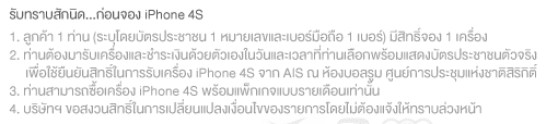 3.ผู้ได้รับสิทธิ์จองจะต้องมีแพ็คเก็จ iPhone S, iPhone M, iPhone L หรือ Super Deal M, Super Deal L หรือสมัครแพ็กเกจเสริมอินเตอร์เน็ตแบบรายเดือน ที่มีมูลค่าตั้งแต่ 650 บาทขึนไป ในวันที่มารับเครื่อง
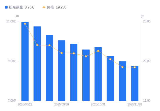12月1日消息,数据显示,截至2025年11月28日,京北方A股股东总户数为8.76万户,较上期(2025年11月20日)减少2326户,降幅2.59%。公司最新A股总股本为8.67亿股,其中流通A股8.44亿股,户均持有流通A股数量为9626.02股,较上期增加248.9股,增幅2.65%;户均持流通A股市值18.51万元,较上期增加4598.71元,增幅2.55%。
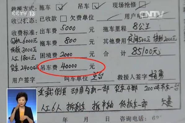 从单子上记者看到,救援费用包括:出车费、拖车费、困境费、吊车费、夜间费、协助费,勾机、板车、人工、货车费等。其中,一台75吨吊车,收费1.5万元;一台200吨吊车,收费4万元。那这些费用的收费依据是什么呢?
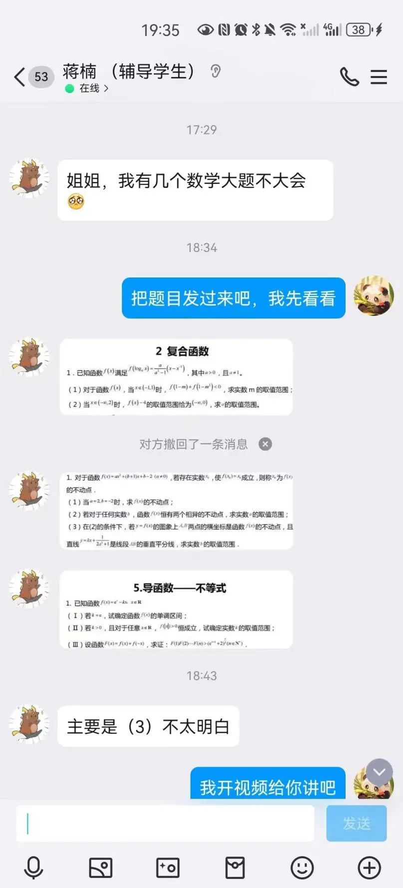 活动开展以来,我院一批政治觉悟高、业务素质好的优秀青年积极主动报名参加,并在第一时间完成结对子。“学伴+”志愿者们根据服务对象年级、学科、主要学业帮助诉求等,组建“一对一”、“多对一”的学业帮帮团,通过微信、QQ等即时通讯软件,及时解答服务对象学业问题,用热情与真诚践行志愿精神,得到了学生家长和学生们的一致认可和好评。接下来让我们一起看看成人直播
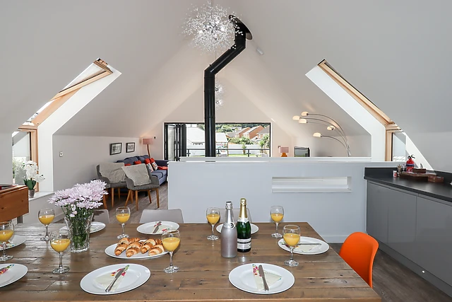A reverse-level home, Pebble Ridge View features five elegant bedrooms located on the ground-floor, comprising a super-king-size with Smart TV and en-suite shower, a king-size with en-suite shower, a double and a twin with Smart TVs, and a bunk, along with a communal bathroom for your convenience. Climb up to the first floor, where you will discover tastefully presented open-plan living space with vaulted ceiling, complete with a fully-equipped kitchen, a dining area and an inviting sitting area with woodburning stove, ideal for cosy nights in with your loved ones.
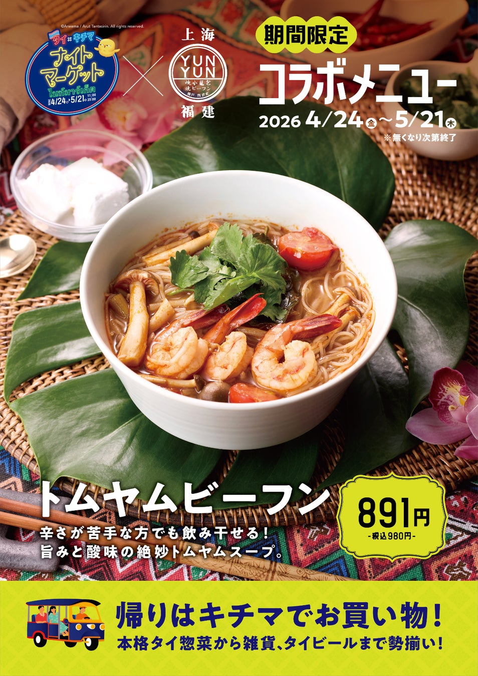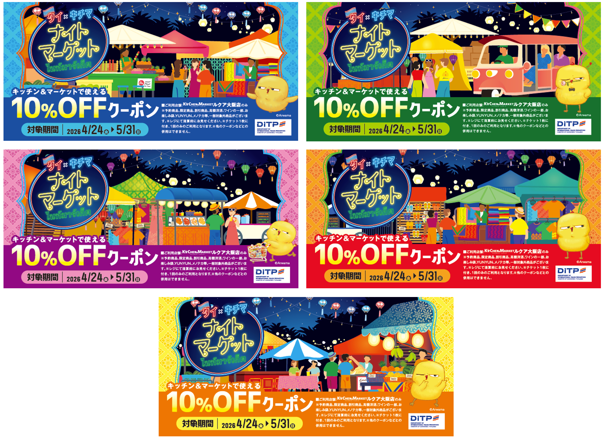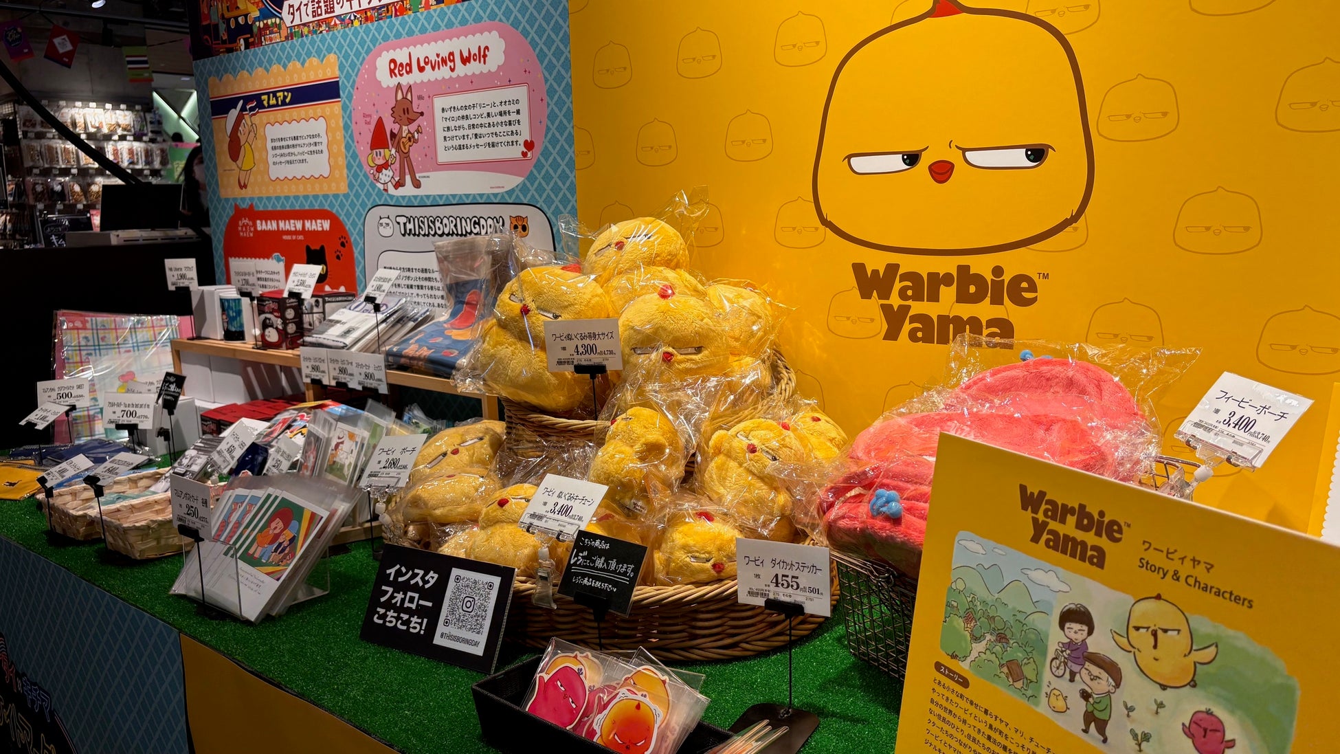 黄色い鳥ワービィやマムアンをはじめ SNSで話題のアイテムからキチマのために取り揃えた限定グッズまで、今だけのラインナップが勢揃い。 タイならではのカラフルでポップな世界観を、ぜひ会場で体感してください!
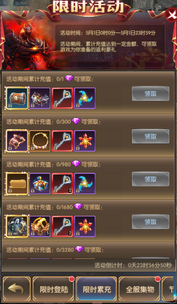 活动简介:活动期间,累计充值达到一定金额,可领取游戏为你准备的返利豪礼
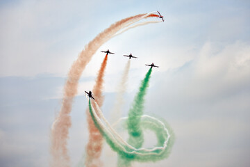 image of aerobatic stunts,Show of force jets,Colorful contrails of aerobatic team,aerial acrobatic team releasing colored smoke in the sky during shows,colorful bombardment by jet fighter
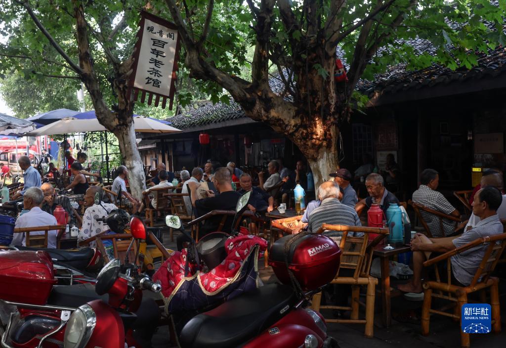 在成都市雙流區彭鎮楊柳河畔,有一個已有百年歷史被稱為觀音閣的老茶館。老茶館的得名,來源于民間神話,相傳因茶館里供奉的觀音菩薩保佑而得以在百年前的一場大火中幸存。青磚加木質結構的老茶館斑駁破舊,木柱木梁灰青小瓦,脫落的石灰墻中可見原先打底的竹籬。正中屋檐處一扇天窗和兩頭的進門處能透進些許自然光線,使屋里顯得較為昏暗。茶館的地面保持著原先的硬土,久而久之已經坑坑點點形成錯落不平的紋理。老茶館現已被列為成都第五批歷史建筑保護名錄。現任店主李強,成都雙流區人。

────

Problem to work on
The pictures are not part of the copy. Retype everything else in the entries exactly.

Response to this exercise
 3.ผู้ได้รับสิทธิ์จองจะต้องมีแพ็คเก็จ iPhone S, iPhone M, iPhone L หรือ Super Deal M, Super Deal L หรือสมัครแพ็กเกจเสริมอินเตอร์เน็ตแบบรายเดือน ที่มีมูลค่าตั้งแต่ 650 บาทขึนไป ในวันที่มารับเครื่อง
12月1日消息,数据显示,截至2025年11月28日,京北方A股股东总户数为8.76万户,较上期(2025年11月20日)减少2326户,降幅2.59%。公司最新A股总股本为8.67亿股,其中流通A股8.44亿股,户均持有流通A股数量为9626.02股,较上期增加248.9股,增幅2.65%;户均持流通A股市值18.51万元,较上期增加4598.71元,增幅2.55%。
 从单子上记者看到,救援费用包括:出车费、拖车费、困境费、吊车费、夜间费、协助费,勾机、板车、人工、货车费等。其中,一台75吨吊车,收费1.5万元;一台200吨吊车,收费4万元。那这些费用的收费依据是什么呢?
 活动开展以来,我院一批政治觉悟高、业务素质好的优秀青年积极主动报名参加,并在第一时间完成结对子。“学伴+”志愿者们根据服务对象年级、学科、主要学业帮助诉求等,组建“一对一”、“多对一”的学业帮帮团,通过微信、QQ等即时通讯软件,及时解答服务对象学业问题,用热情与真诚践行志愿精神,得到了学生家长和学生们的一致认可和好评。接下来让我们一起看看成人直播
A reverse-level home, Pebble Ridge View features five elegant bedrooms located on the ground-floor, comprising a super-king-size with Smart TV and en-suite shower, a king-size with en-suite shower, a double and a twin with Smart TVs, and a bunk, along with a communal bathroom for your convenience. Climb up to the first floor, where you will discover tastefully presented open-plan living space with vaulted ceiling, complete with a fully-equipped kitchen, a dining area and an inviting sitting area with woodburning stove, ideal for cosy nights in with your loved ones.
 黄色い鳥ワービィやマムアンをはじめ SNSで話題のアイテムからキチマのために取り揃えた限定グッズまで、今だけのラインナップが勢揃い。 タイならではのカラフルでポップな世界観を、ぜひ会場で体感してください!
 活动简介:活动期间,累计充值达到一定金额,可领取游戏为你准备的返利豪礼
 image of aerobatic stunts,Show of force jets,Colorful contrails of aerobatic team,aerial acrobatic team releasing colored smoke in the sky during shows,colorful bombardment by jet fighter
 在成都市雙流區彭鎮楊柳河畔,有一個已有百年歷史被稱為觀音閣的老茶館。老茶館的得名,來源于民間神話,相傳因茶館里供奉的觀音菩薩保佑而得以在百年前的一場大火中幸存。青磚加木質結構的老茶館斑駁破舊,木柱木梁灰青小瓦,脫落的石灰墻中可見原先打底的竹籬。正中屋檐處一扇天窗和兩頭的進門處能透進些許自然光線,使屋里顯得較為昏暗。茶館的地面保持著原先的硬土,久而久之已經坑坑點點形成錯落不平的紋理。老茶館現已被列為成都第五批歷史建筑保護名錄。現任店主李強,成都雙流區人。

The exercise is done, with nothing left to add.